§ **WHAT THIS TASK INVOLVES**
All of the listing must be given again exactly, except that the images are dropped.

§ **RECORDS TO PROCESS**
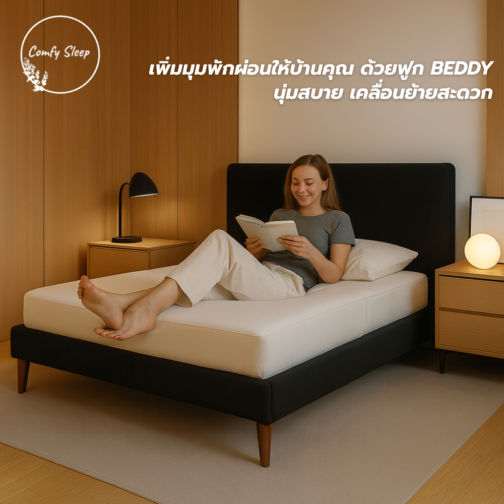 Comfy ฟูกที่นอนใยอัดแน่น รุ่น BEDDY หนา 4 นิ้ว พับ 2 ท่อน น้ำหนักเบา รองรับสรีระขณะนอนหลับ พับเก็บง่าย เคลื่อนย้ายสะดวก เหมาะสำหรับห้องพักขนาดเล็ก คอนโด หรือบ้านที่ต้องการฟูกเสริมสำหรับแขก
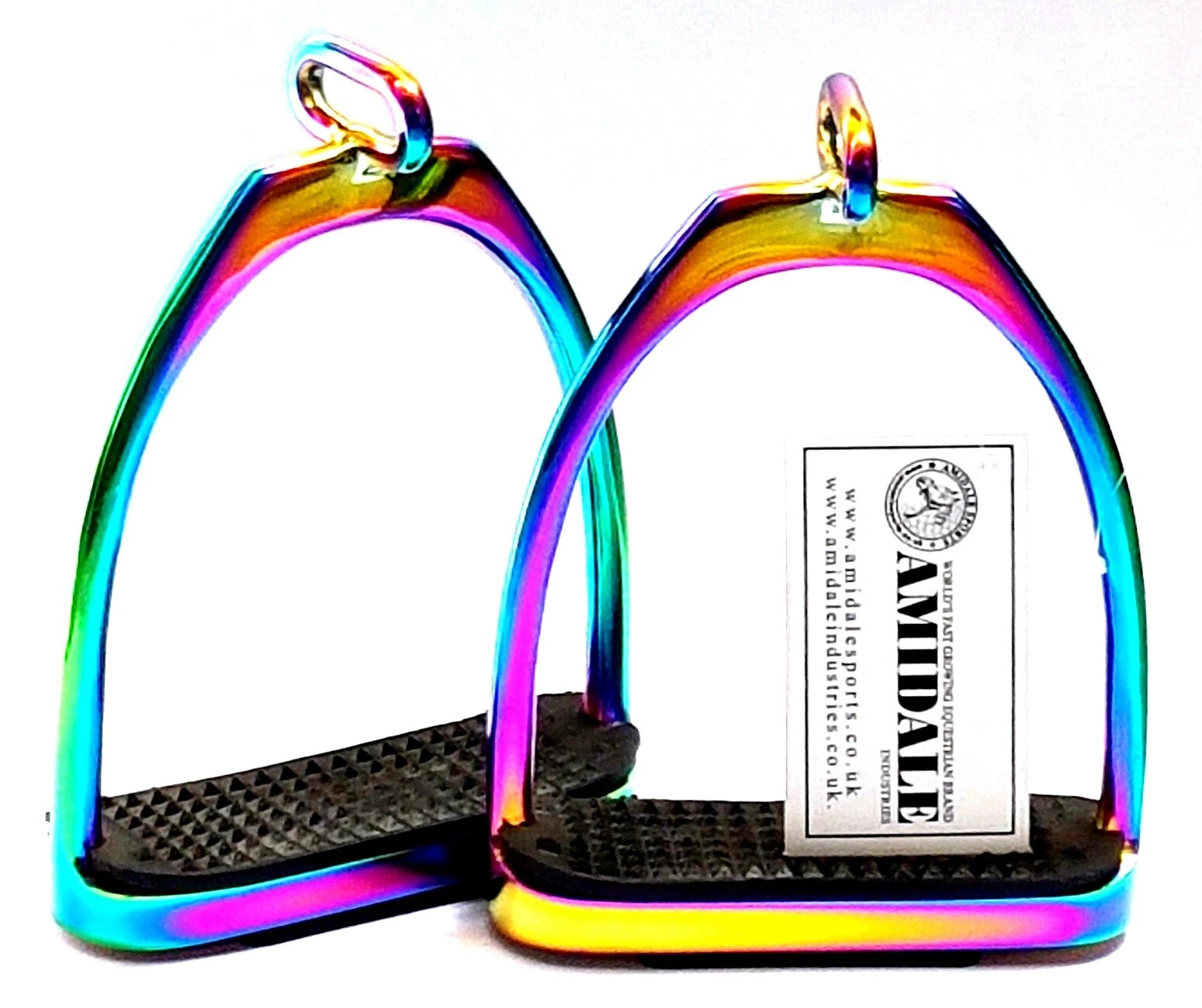 RAINBOW GLOSS Offset Simple S.Steel Fillis IRONS STIRRUPS HORSE RIDING BNWT
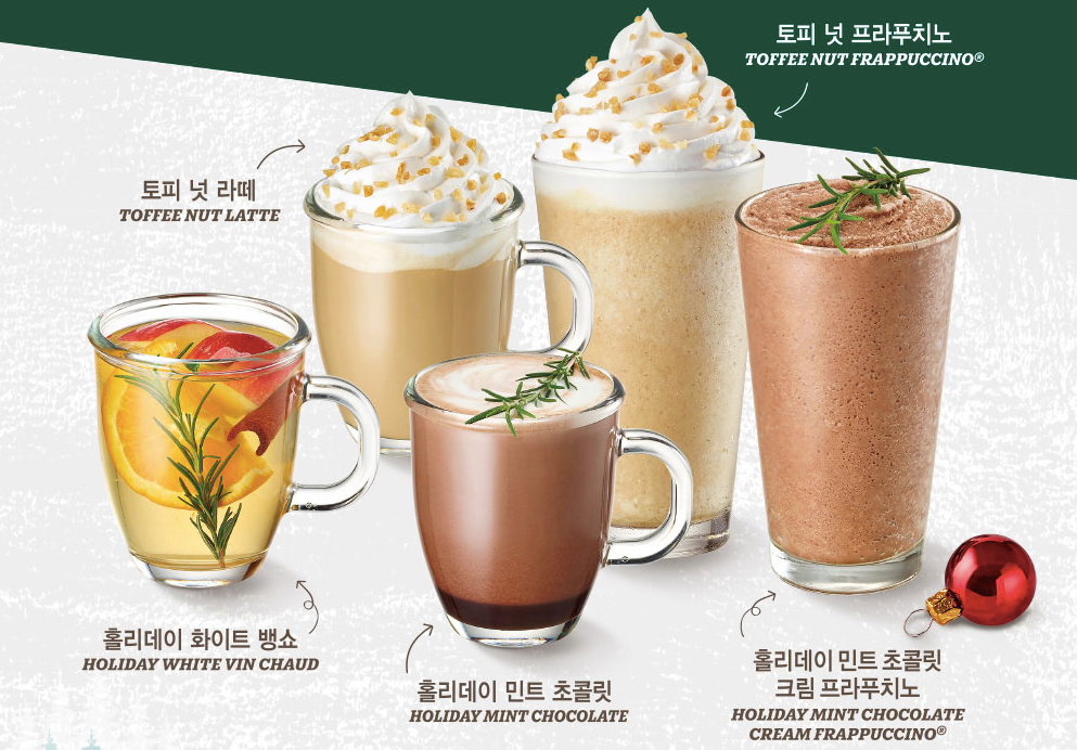 스타벅스 2019 크리스마스 e-프리퀀시 이벤트의 미션 음료는 리저브 음료 전체, 토피 넛 라떼, 토피 넛 프라푸치노, 홀리데이 민트 초콜릿, 홀리데이 민트 초콜릿 크림 프라푸치노, 홀리데이 화이트 뱅쇼와 11월 28일에 신규 출시되는 크리스마스 음료입니다.
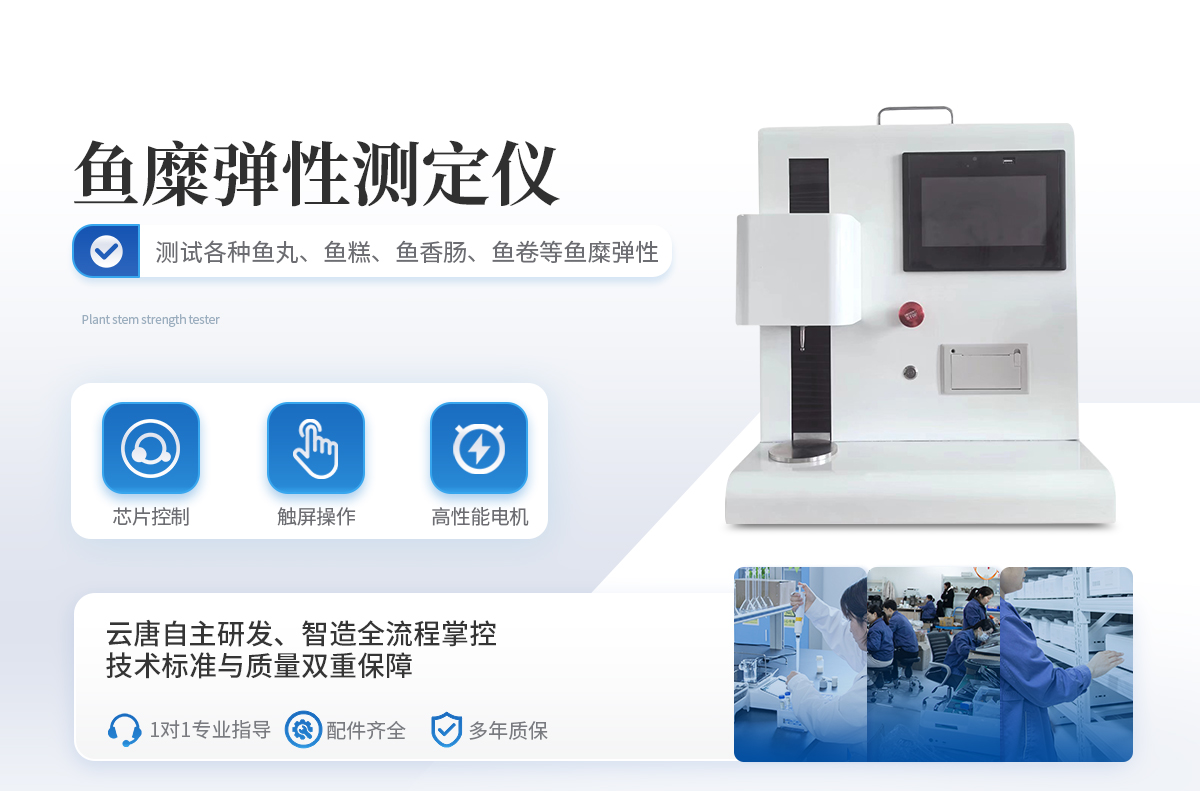 魚糜彈性測定儀是適用于各種魚丸、魚糕、魚香腸、魚卷等魚糜彈性的測試儀器。該機也叫質(zhì)構(gòu)儀,魚糜物性測試儀,魚糜凝膠強度測試儀 魚糜系以魚肉為原料,將魚肉粉碎,加食鹽、副原料等進行擂潰,成粘稠的魚肉糊再成型后加熱,變成具有彈性的凝膠體, 魚糜彈性對一定形狀和尺寸魚糜制品的進行抗拉伸、抗彎曲和抗剪切試驗,衡量魚糜質(zhì)量的一項重要指標(biāo)。 魚糜彈性測定儀滿足國家標(biāo)準(zhǔn)《GBT36187-2018冷凍魚糜凝膠強度測定》
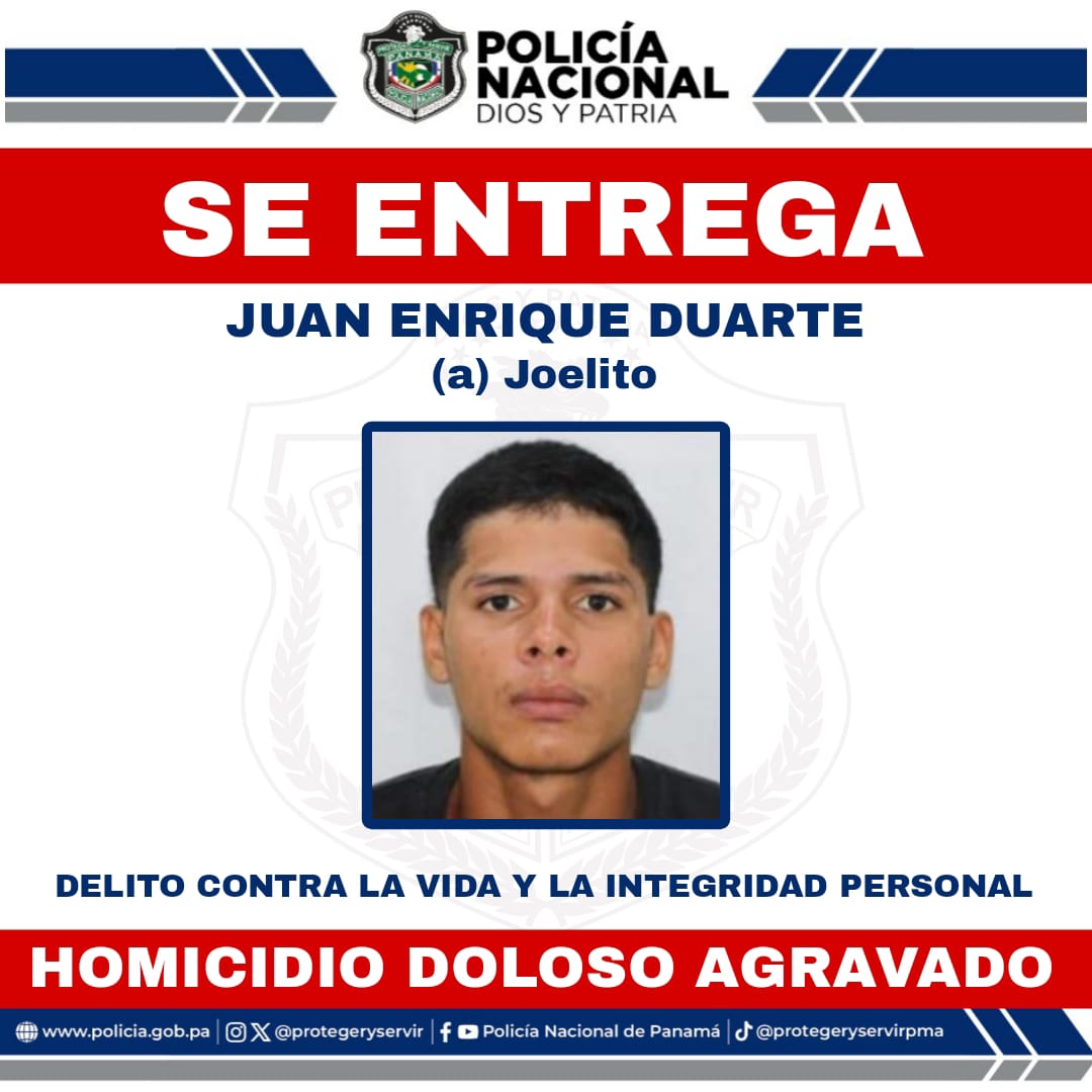 Juan Enrique Duarte alias "Joelito" quien figura como más buscado por delito Contra la Vida y la Integridad Personal en su modalidad de Homicidio Doloso Agravado, fue aprehendido en La Chorrera, luego que se presentará a las instalaciones del Ministerio Público.
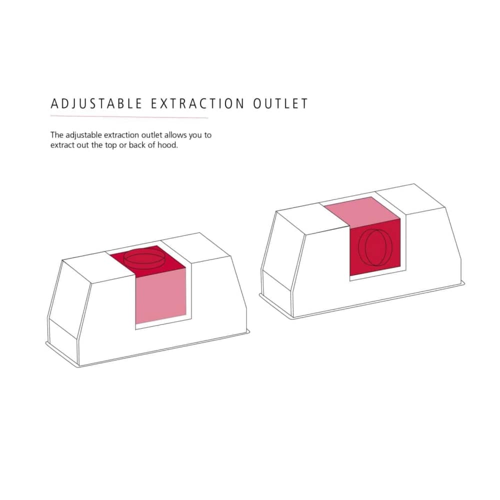 This superb canopy hood is designed to be installed in a wall unit, canopy or chimney breast, for effective but discreet design. With 4 speed settings and illuminated touch controls, it’s easy to choose what you need, and with an extraction rate of up to 770m³ per hour, it will make short work of removing the most lingering of odours. This model can be installed using external ducting or a recirculation kit for flexible fitting options.
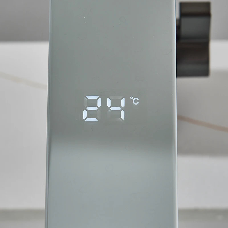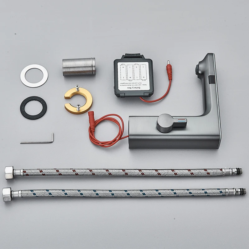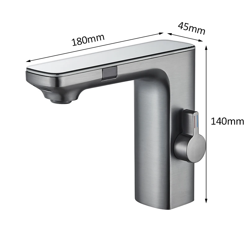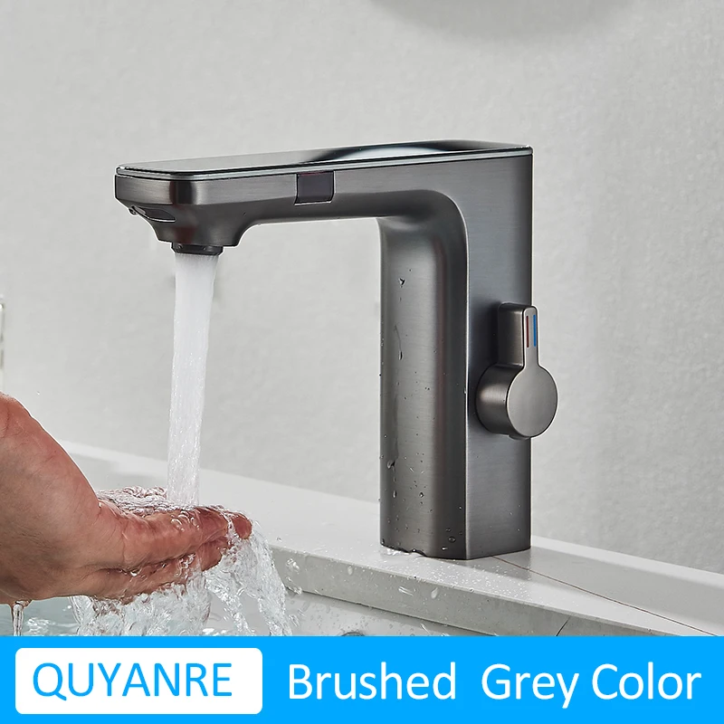 Grifo de lavabo inteligente con sensor, color gris plomo, pantalla digital, mezclador de agua fría y caliente, grifo sin contacto para lavabo de baño
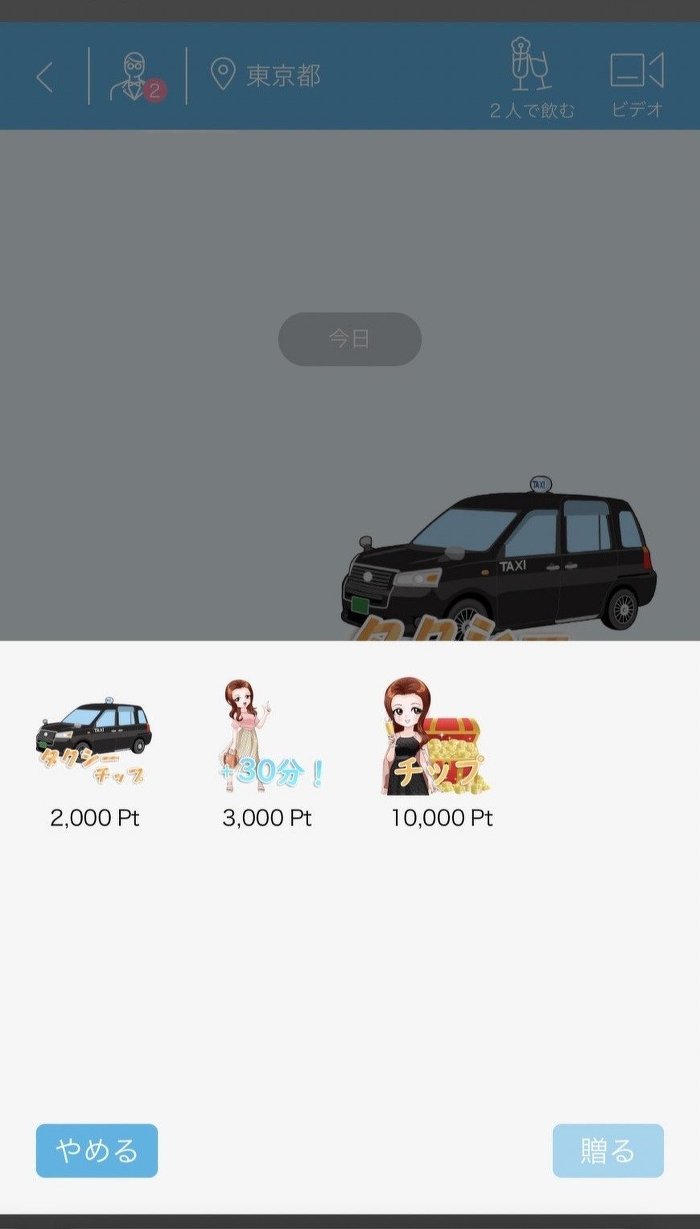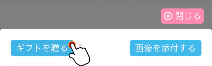 男性用ページ、各キャストとのメッセージページからギフトスタンプをタップ後、【贈る】ボタンをタップするとギフトスタンプが送信されます。
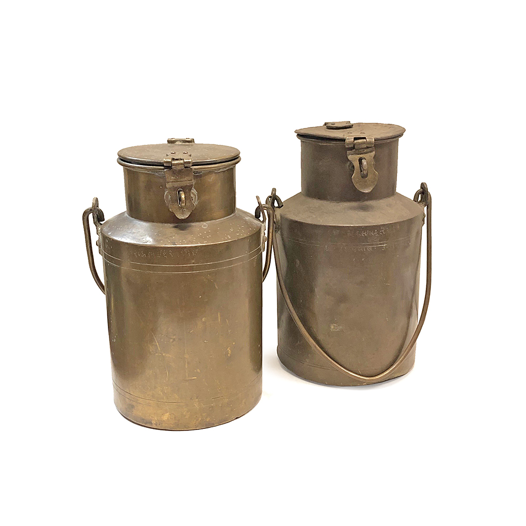 LARGE INDIAN STEEL MILK CHURN 29 CM (X2)

§ **ANSWER AREA**
 Comfy ฟูกที่นอนใยอัดแน่น รุ่น BEDDY หนา 4 นิ้ว พับ 2 ท่อน น้ำหนักเบา รองรับสรีระขณะนอนหลับ พับเก็บง่าย เคลื่อนย้ายสะดวก เหมาะสำหรับห้องพักขนาดเล็ก คอนโด หรือบ้านที่ต้องการฟูกเสริมสำหรับแขก
 RAINBOW GLOSS Offset Simple S.Steel Fillis IRONS STIRRUPS HORSE RIDING BNWT
 스타벅스 2019 크리스마스 e-프리퀀시 이벤트의 미션 음료는 리저브 음료 전체, 토피 넛 라떼, 토피 넛 프라푸치노, 홀리데이 민트 초콜릿, 홀리데이 민트 초콜릿 크림 프라푸치노, 홀리데이 화이트 뱅쇼와 11월 28일에 신규 출시되는 크리스마스 음료입니다.
 魚糜彈性測定儀是適用于各種魚丸、魚糕、魚香腸、魚卷等魚糜彈性的測試儀器。該機也叫質(zhì)構(gòu)儀,魚糜物性測試儀,魚糜凝膠強度測試儀 魚糜系以魚肉為原料,將魚肉粉碎,加食鹽、副原料等進行擂潰,成粘稠的魚肉糊再成型后加熱,變成具有彈性的凝膠體, 魚糜彈性對一定形狀和尺寸魚糜制品的進行抗拉伸、抗彎曲和抗剪切試驗,衡量魚糜質(zhì)量的一項重要指標(biāo)。 魚糜彈性測定儀滿足國家標(biāo)準(zhǔn)《GBT36187-2018冷凍魚糜凝膠強度測定》
 Juan Enrique Duarte alias "Joelito" quien figura como más buscado por delito Contra la Vida y la Integridad Personal en su modalidad de Homicidio Doloso Agravado, fue aprehendido en La Chorrera, luego que se presentará a las instalaciones del Ministerio Público.
 This superb canopy hood is designed to be installed in a wall unit, canopy or chimney breast, for effective but discreet design. With 4 speed settings and illuminated touch controls, it’s easy to choose what you need, and with an extraction rate of up to 770m³ per hour, it will make short work of removing the most lingering of odours. This model can be installed using external ducting or a recirculation kit for flexible fitting options.
 Grifo de lavabo inteligente con sensor, color gris plomo, pantalla digital, mezclador de agua fría y caliente, grifo sin contacto para lavabo de baño
 男性用ページ、各キャストとのメッセージページからギフトスタンプをタップ後、【贈る】ボタンをタップするとギフトスタンプが送信されます。
 LARGE INDIAN STEEL MILK CHURN 29 CM (X2)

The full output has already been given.